The Tradetech Daily

Bank of America Merrill Lynch (BAML)

Bank of America Merrill Lynch (BAML)

Bank of America Merrill Lynch (BAML) program trading offers access to the MSCI developed, emerging and frontier universe with 11 portfolio sales traders based in Hong Kong, Tokyo and Sydney offering agency, guaranteed and risk execution. A dedicated middle-office team with total visibility oversees global trades.
The Portfolio Swap facility is designed to allow efficient swap trade management. BAML also offers an integrated execution model utilising local expertise where appropriate enabling access to all execution routes to ensure best execution whilst maximising crossing opportunities.
A fully integrated global order management system allows complete transparency where needed. A dedicated regional client facilitation team can provide capital where appropriate.

Liquidity access


BAML offers full visibility into flows from all products across the region allowing maximisation of crossing opportunities where appropriate.

Alternative venues accessible include: MLXN (BAML’s internal crossing network), Chi-X Australia, Japannext, Chi-X Japan and Instinet.

Client coverage


BAML program trading can be used for passive index rebalances and cash flows, long-only active switches, transition management desks, liquidity seeking implementation shortfall, quantitative funds and cash balanced switches, derivatives driven hedges placed around the close, Japanese domestic cash flows using guaranteed strike prices during lunchtime and active money switches using blind strike.

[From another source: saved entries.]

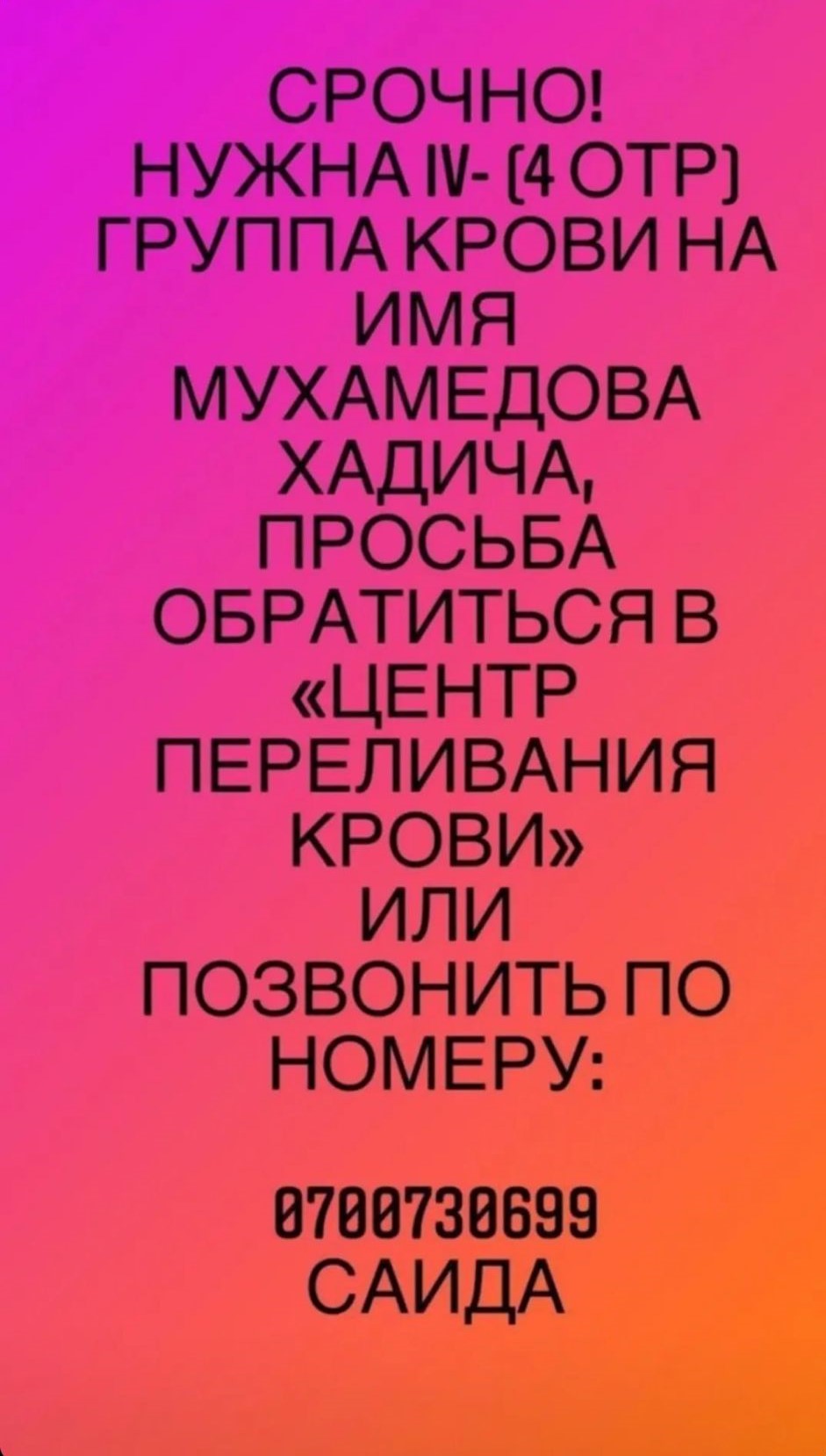 Она добавила, что группа крови АВ (IV) с отрицательным резусом является наиболее редкой, и попросила помочь неравнодушных. По вопросам можно обращаться по номеру +996700730699 или написать в Instagram @saida1777.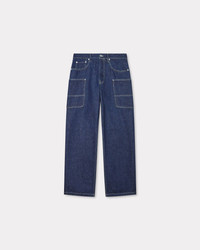 Cargo monkey fit jeans. KENZO Paris leather jacron on the back. Kaihara Japanese denim. Two front pockets. Two side pockets. Two buttoned back pockets. Product Reference: FE65DP4086A1.DM SIZE & FIT Loose Cargo Monkey fit. Leg length at 105 cm. The model is 185 cm tall and is wearing size M. COMPOSITION & CARE Made in Tunisia 100% cotton Do not bleach Mild professional dry-cleaning in: hydrocarbons Iron at low temperature Line drying in the shade Do not tumble dry 30°C very mild fine wash Very mild professional wet-cleaning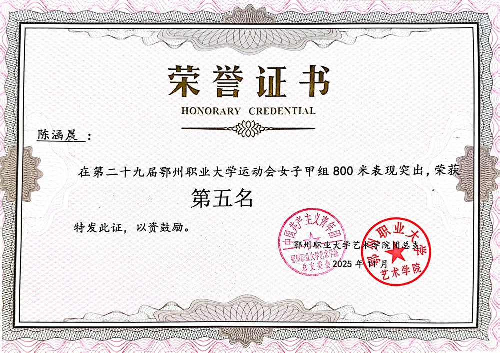 陈涵晨24音乐1在耐力与速度的较量中勇夺女子甲组800米第5

Furthermore, the firm facilitates ADR/GDR switches sourcing liquidity on the local exchange and provides bookings/settlement with the DR line. Contingent futures execution and regional cash management are commonly used strategies, and ETF creations and redemptions accessing liquidity in the local markets are also supported.

Pre- and post-trade analytics


The bank offers a full reporting suite for pre-trade analysis including skews, liquidity and impact plus risk analysis across tracking error, beta and market impact cost. Post-trade is shown against all the usual execution benchmarks including participation-weighted price.